▸ DATA EXCERPTS
──────

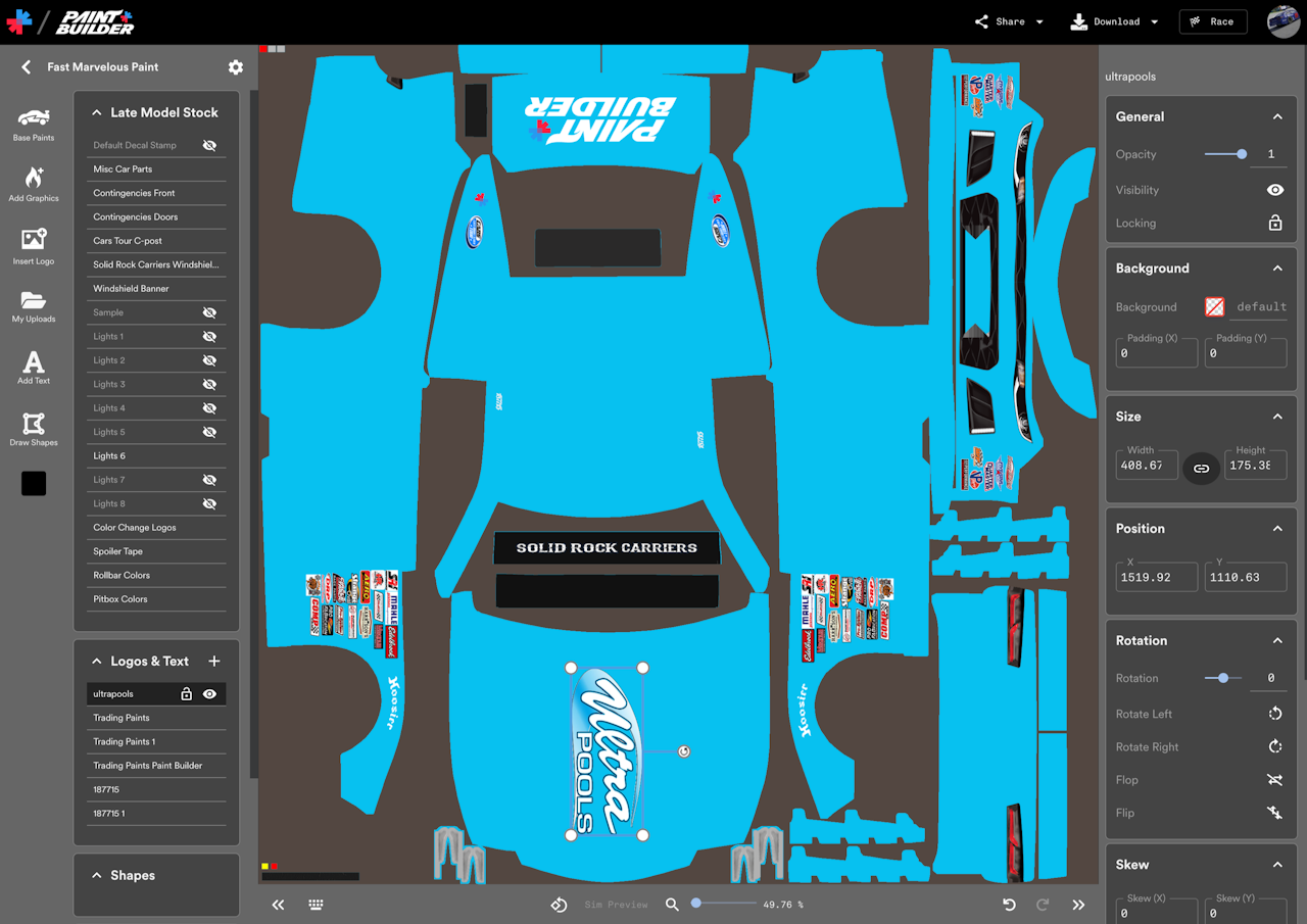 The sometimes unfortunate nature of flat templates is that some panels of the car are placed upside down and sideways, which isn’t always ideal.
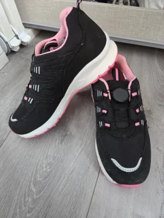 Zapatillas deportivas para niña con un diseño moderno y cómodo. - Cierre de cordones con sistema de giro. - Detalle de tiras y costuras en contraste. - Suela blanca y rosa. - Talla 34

──────

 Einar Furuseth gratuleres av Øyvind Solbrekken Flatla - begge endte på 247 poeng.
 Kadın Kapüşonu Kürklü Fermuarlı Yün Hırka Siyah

──────

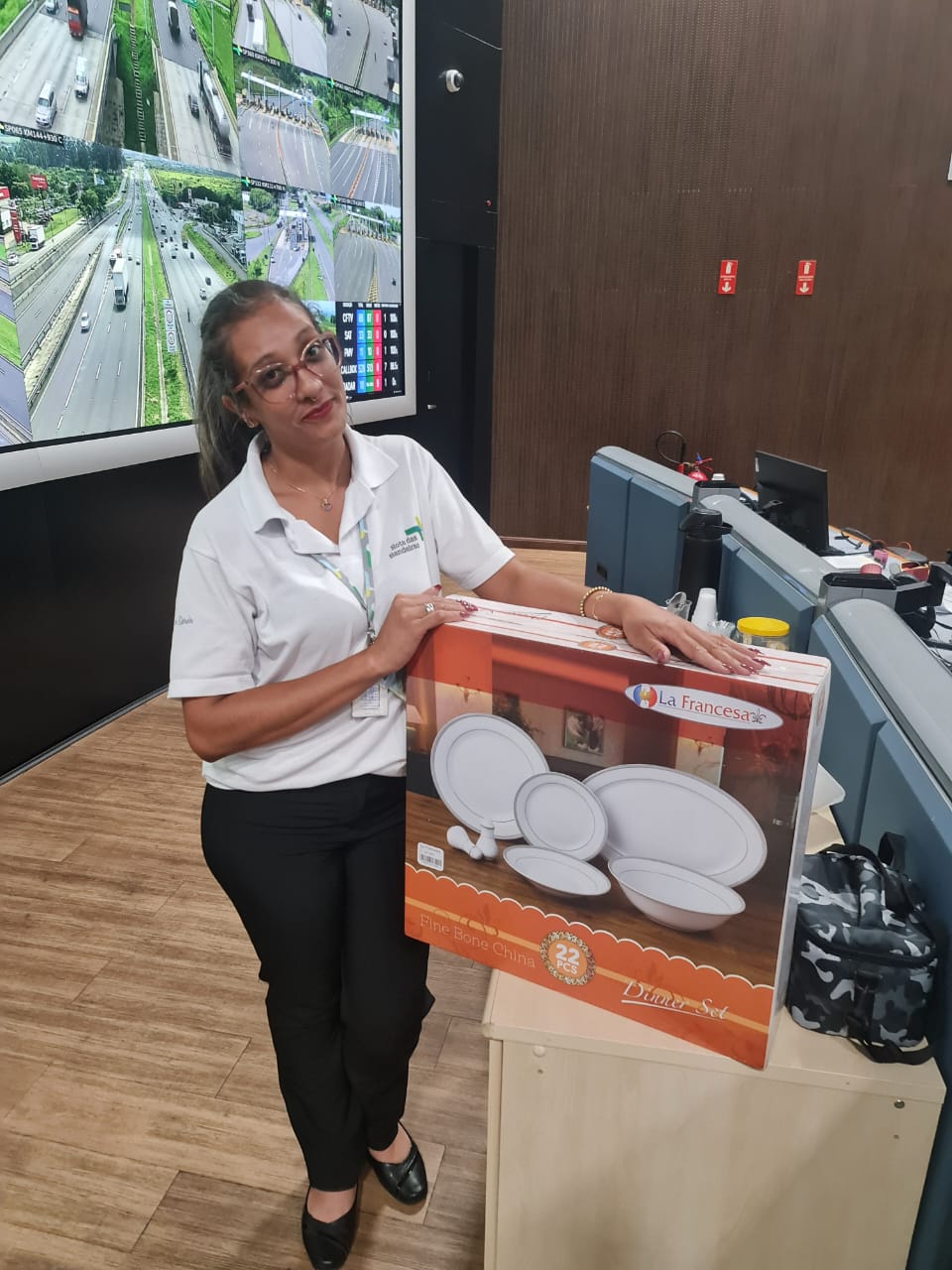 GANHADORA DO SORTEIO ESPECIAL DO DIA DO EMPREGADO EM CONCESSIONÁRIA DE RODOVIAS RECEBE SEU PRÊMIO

──────

Only one stretch of the listing above is to be duplicated: the lines from the one containing "The sometimes unfortunate" through the one containing "Zapatillas deportivas para", both included. Copy them exactly, minus the pictures.

 The sometimes unfortunate nature of flat templates is that some panels of the car are placed upside down and sideways, which isn’t always ideal.
 Zapatillas deportivas para niña con un diseño moderno y cómodo. - Cierre de cordones con sistema de giro. - Detalle de tiras y costuras en contraste. - Suela blanca y rosa. - Talla 34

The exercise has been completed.